I think its also worth mentioning that with the way housing costs, and availability for utilities is these days, not a lot of people have as much freedom to live in a space they find 100% perfect. Like i love living in urban areas, but some cities design streets so poorly that people are freely able to speed loud cars down quiet residential roads. So, we either gotta get involved in our community we find ourselves in to make the changes we want, hope someone else does it, put up with it, or pack our bags and go somewhere else.

[–] Sauerkraut@discuss.tchncs.de 3 points 1 month ago* (last edited 1 month ago) (1 children)

"if you meet one asshole, you met one asshole. If everyone you meet is an asshole, you're the asshole."

We don't know you, but if you dislike everyone you have ever lived near or known enough to not want neighbors then you might be the common thread. Maybe you brought the worst out in people or failed to bring out any good. But who knows, maybe you were just unlucky in the people you have met

[–] Letstakealook@lemm.ee 4 points 1 month ago

That movie quote isn't clever or original, especially out of context. I didn't "meet" these people or even interact with them. We simply existed within the vicinity of each other, and they were people that had no regard or consideration for the other people that live around them. This is very similar to people who blast shitty audio from their phones, walk on the left, take up the entirety of the sidewalk, don't yield for pedestrians, don't respect lines, etc. Assholes do, in fact, exist in many contexts.

[–] artichokecustard@lemmy.world 2 points 1 month ago* (last edited 1 month ago) (1 children)

bruh, look at you, i'm on the internet and don't want to be this close to you, trolls live in caves, maybe that'll be good for you, but then you might hear the water drip and the crickets chirp

[–] Letstakealook@lemm.ee -2 points 1 month ago

Yes, how terrible of me! I hope you'll recover and find it in your heart to forgive me!

[–] Flocklesscrow@lemm.ee 6 points 1 month ago (1 children)

"I would be all for this, but you people all suck."

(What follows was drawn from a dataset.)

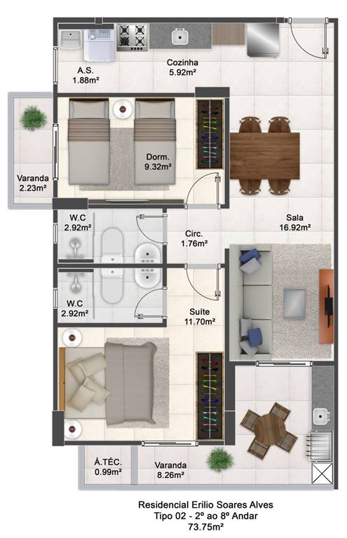 Área Útil73,65m²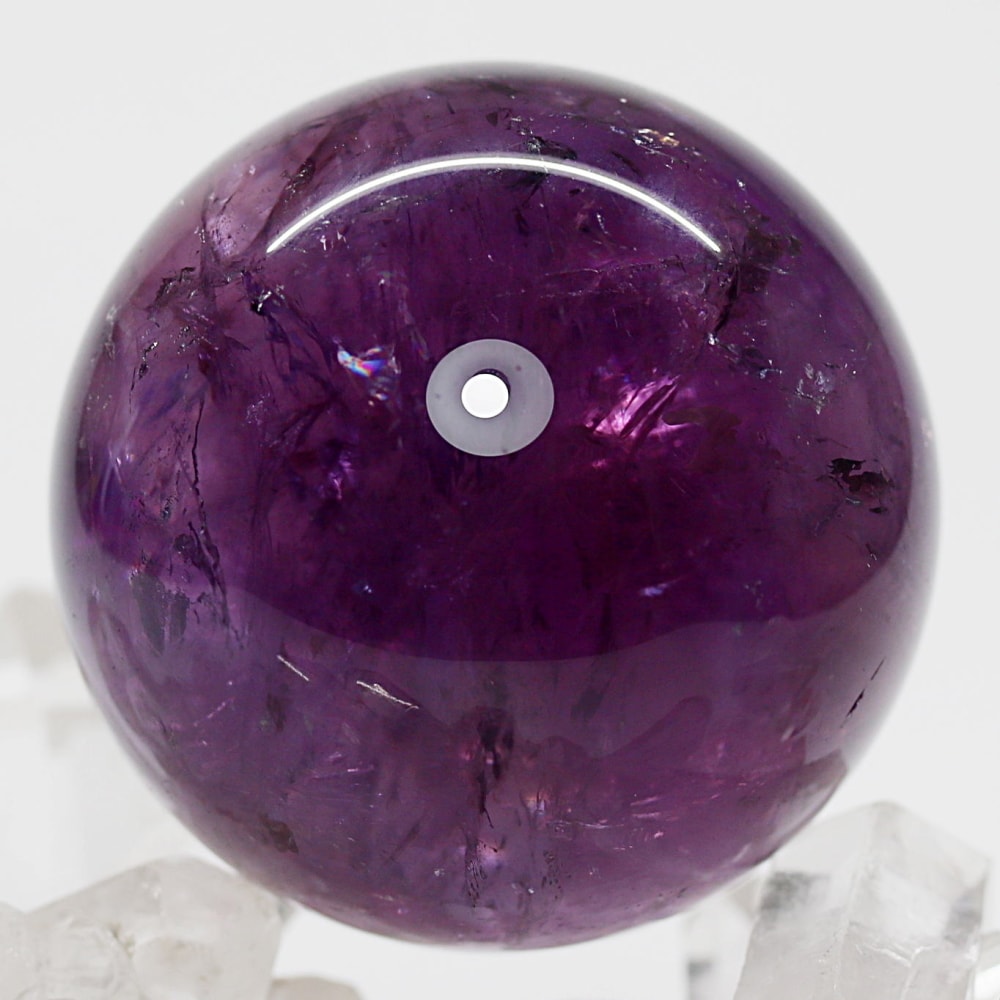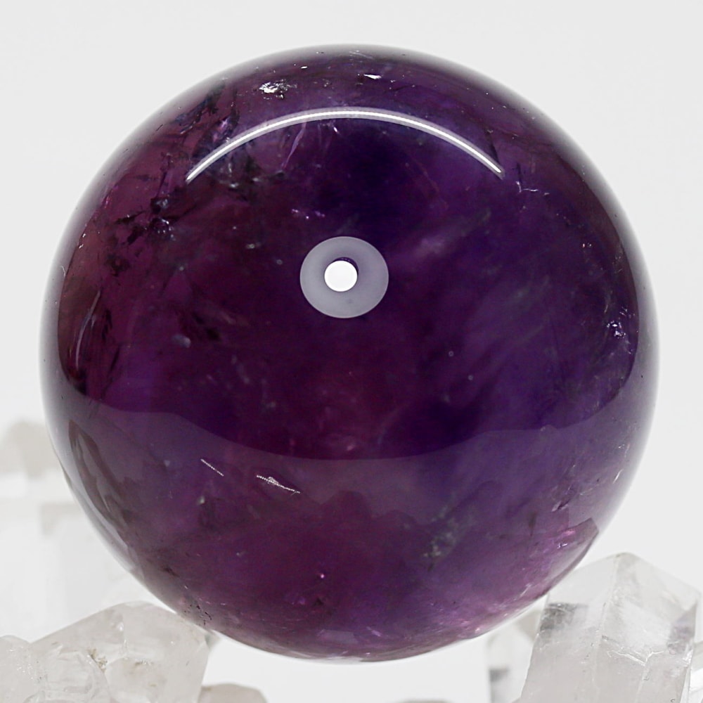 アメジストの丸玉は、白濁部分が多く、透明感に乏しいものが一般的です。

[–] Letstakealook@lemm.ee -1 points 1 month ago
[–] Croquette@sh.itjust.works 1 points 1 month ago

The issue is that everyone in the long chain of apartment construction tries to cut corner to pocket more money.

So you get these cheap cardboard new apartment where you hear everything happening in the building.

It doesn't have to be like that. But the mentalities need to change, and the fuckfaces contractors need to be held accountable for their shitty work.